If you see a picture in the data below, omit it and copy the rest exactly.
---- DATA PROVIDED
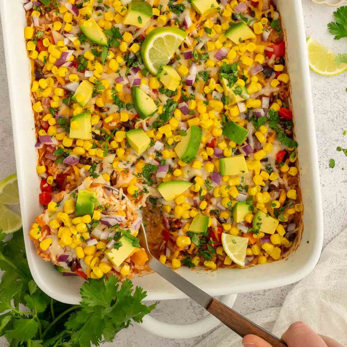 A large casserole dish of black bean and rice casserole topped with Mexican-style toppings like cilantro, red onion, cilantro, avocado, corn, and lime slices.
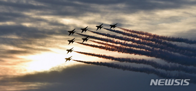[포항=뉴시스] 이무열 기자 = 2020년 경자년(庚子年) 첫날인 1일 오전 경북 포항시 호미곶 해맞이광장에서 공군 특수비행팀인 블랙이글스가 새해 축하 비행을 선보이고 있다. 2020.01.01.
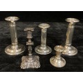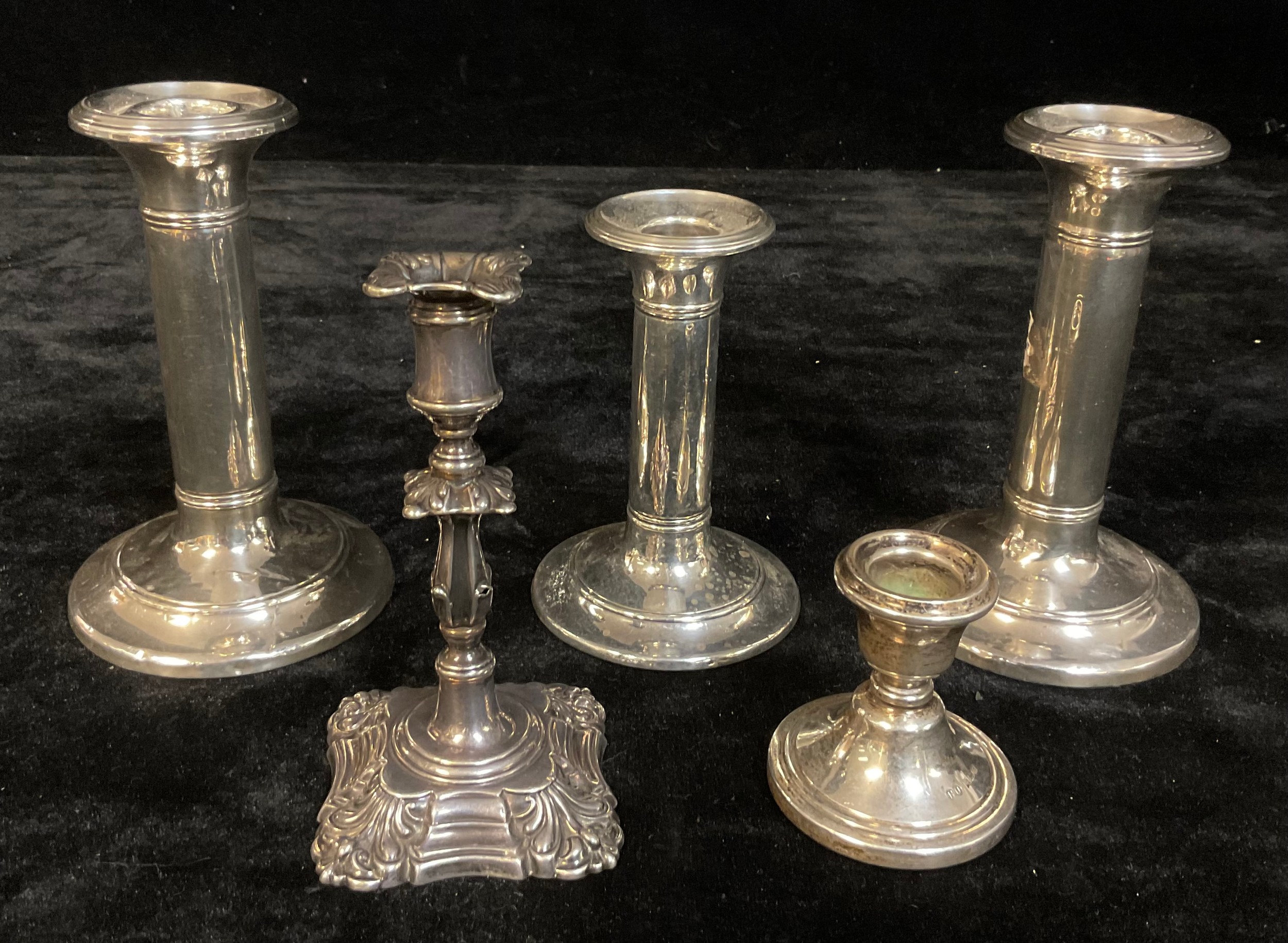 A pair of Edwardian silver candlesticks, 13.5cm high, Birmingham 1905; other silver candlesticks; a Victorian silver taper stick, London 1890 (5)
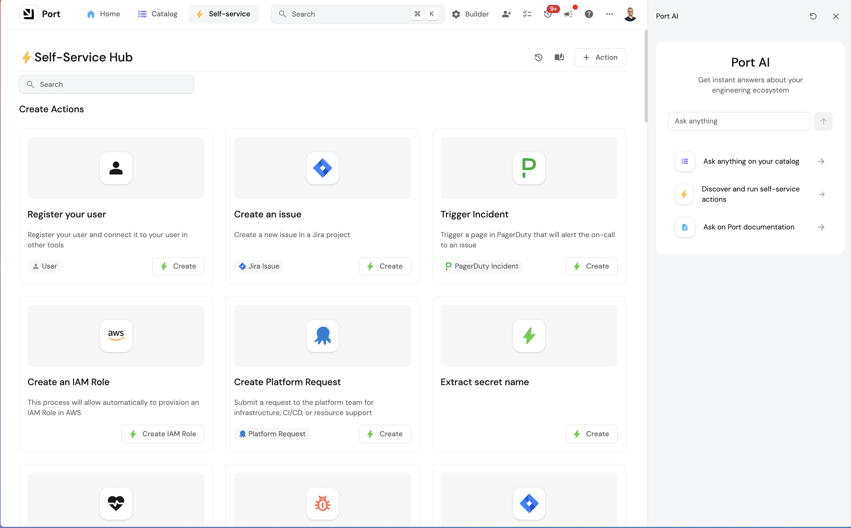 • Comprehensive knowledge: Understands your catalog, actions, and Port documentation.
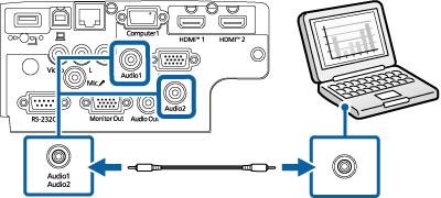 Puede reproducir sonido a través del sistema de altavoces del proyector conectando un cable de audio estéreo con miniconector de 3,5 mm disponible en tiendas.
--------
*EXERCISE RESPONSE*.
 A large casserole dish of black bean and rice casserole topped with Mexican-style toppings like cilantro, red onion, cilantro, avocado, corn, and lime slices.
[포항=뉴시스] 이무열 기자 = 2020년 경자년(庚子年) 첫날인 1일 오전 경북 포항시 호미곶 해맞이광장에서 공군 특수비행팀인 블랙이글스가 새해 축하 비행을 선보이고 있다. 2020.01.01.
 A pair of Edwardian silver candlesticks, 13.5cm high, Birmingham 1905; other silver candlesticks; a Victorian silver taper stick, London 1890 (5)
 • Comprehensive knowledge: Understands your catalog, actions, and Port documentation.
 Puede reproducir sonido a través del sistema de altavoces del proyector conectando un cable de audio estéreo con miniconector de 3,5 mm disponible en tiendas.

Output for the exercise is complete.